Data items:
-*-
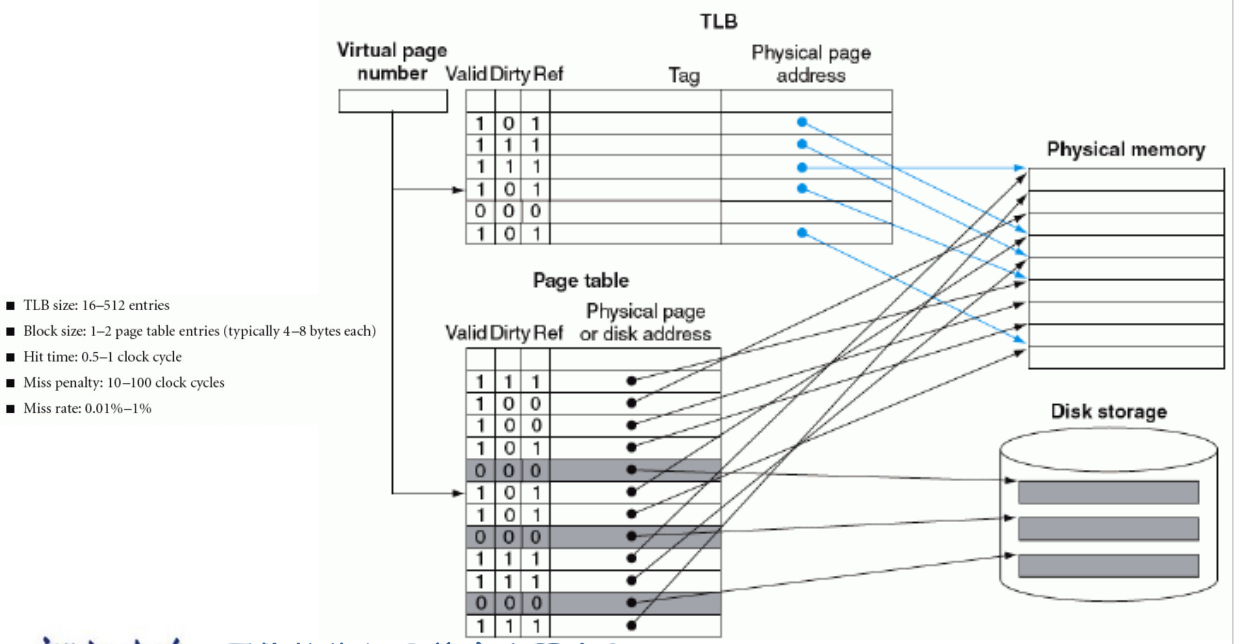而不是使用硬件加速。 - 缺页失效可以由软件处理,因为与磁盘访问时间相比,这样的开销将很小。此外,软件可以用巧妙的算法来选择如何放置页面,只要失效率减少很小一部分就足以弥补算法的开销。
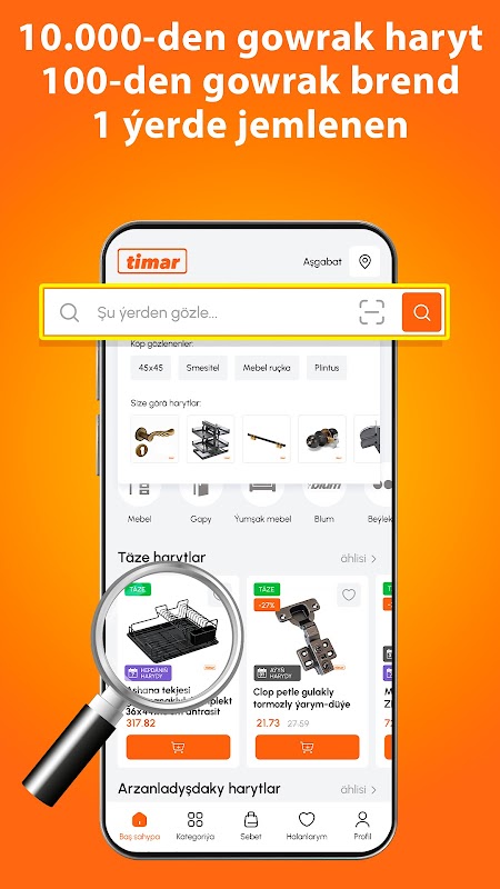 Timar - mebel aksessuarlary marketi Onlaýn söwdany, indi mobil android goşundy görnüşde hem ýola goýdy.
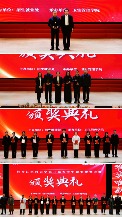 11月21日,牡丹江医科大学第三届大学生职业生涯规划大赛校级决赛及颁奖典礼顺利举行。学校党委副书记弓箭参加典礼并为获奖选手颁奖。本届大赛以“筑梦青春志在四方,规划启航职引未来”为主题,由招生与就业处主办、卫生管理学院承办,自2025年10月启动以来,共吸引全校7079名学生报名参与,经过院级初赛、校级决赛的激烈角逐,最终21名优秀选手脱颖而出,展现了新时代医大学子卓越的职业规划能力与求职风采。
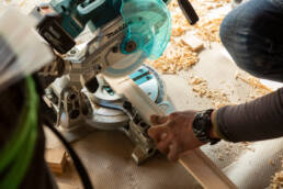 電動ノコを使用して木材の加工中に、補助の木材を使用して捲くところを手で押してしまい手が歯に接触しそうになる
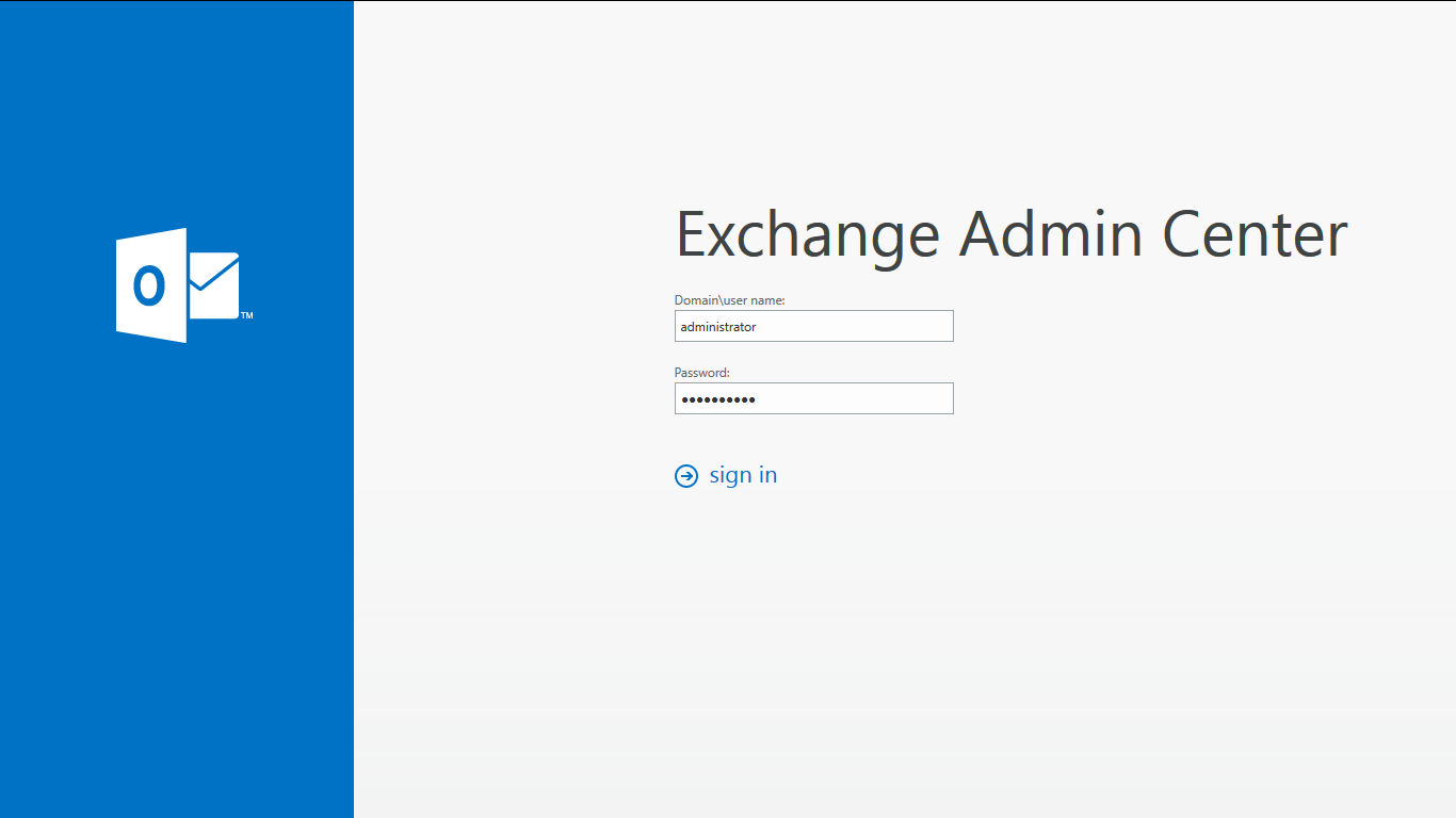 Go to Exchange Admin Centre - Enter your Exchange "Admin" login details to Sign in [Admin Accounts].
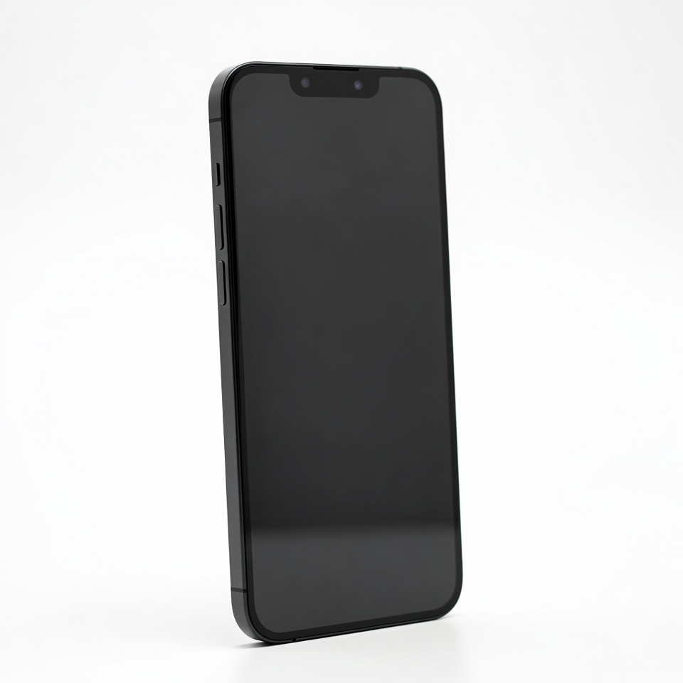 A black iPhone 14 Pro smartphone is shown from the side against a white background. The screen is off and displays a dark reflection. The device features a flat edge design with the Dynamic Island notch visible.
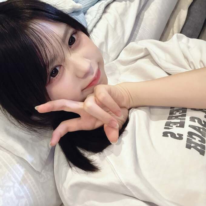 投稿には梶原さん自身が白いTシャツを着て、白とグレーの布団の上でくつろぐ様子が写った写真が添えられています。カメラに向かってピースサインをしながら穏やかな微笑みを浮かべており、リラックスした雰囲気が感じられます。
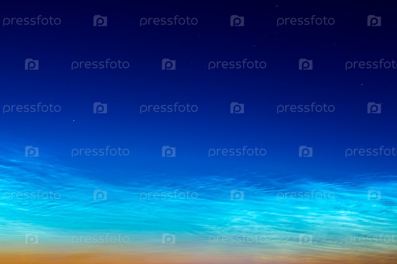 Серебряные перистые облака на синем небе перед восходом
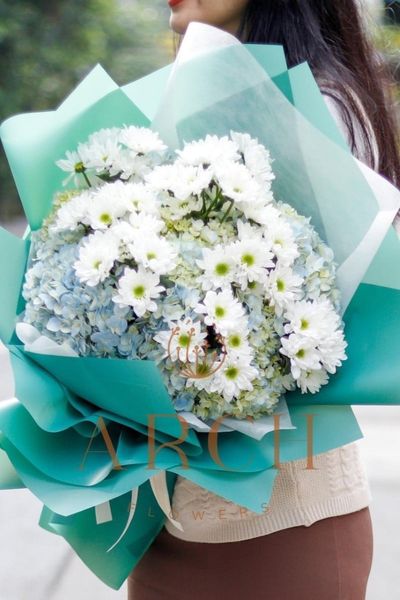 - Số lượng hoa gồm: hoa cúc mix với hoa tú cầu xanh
-*-
## WHAT YOU ARE ASKED TO DO
Pictures excluded, output exactly the line that contains "電動ノコを使用して木材の加工" and every line after it to the end of the data above.

## TASK ANSWER
 電動ノコを使用して木材の加工中に、補助の木材を使用して捲くところを手で押してしまい手が歯に接触しそうになる
 Go to Exchange Admin Centre - Enter your Exchange "Admin" login details to Sign in [Admin Accounts].
 A black iPhone 14 Pro smartphone is shown from the side against a white background. The screen is off and displays a dark reflection. The device features a flat edge design with the Dynamic Island notch visible.
 投稿には梶原さん自身が白いTシャツを着て、白とグレーの布団の上でくつろぐ様子が写った写真が添えられています。カメラに向かってピースサインをしながら穏やかな微笑みを浮かべており、リラックスした雰囲気が感じられます。
 Серебряные перистые облака на синем небе перед восходом
 - Số lượng hoa gồm: hoa cúc mix với hoa tú cầu xanh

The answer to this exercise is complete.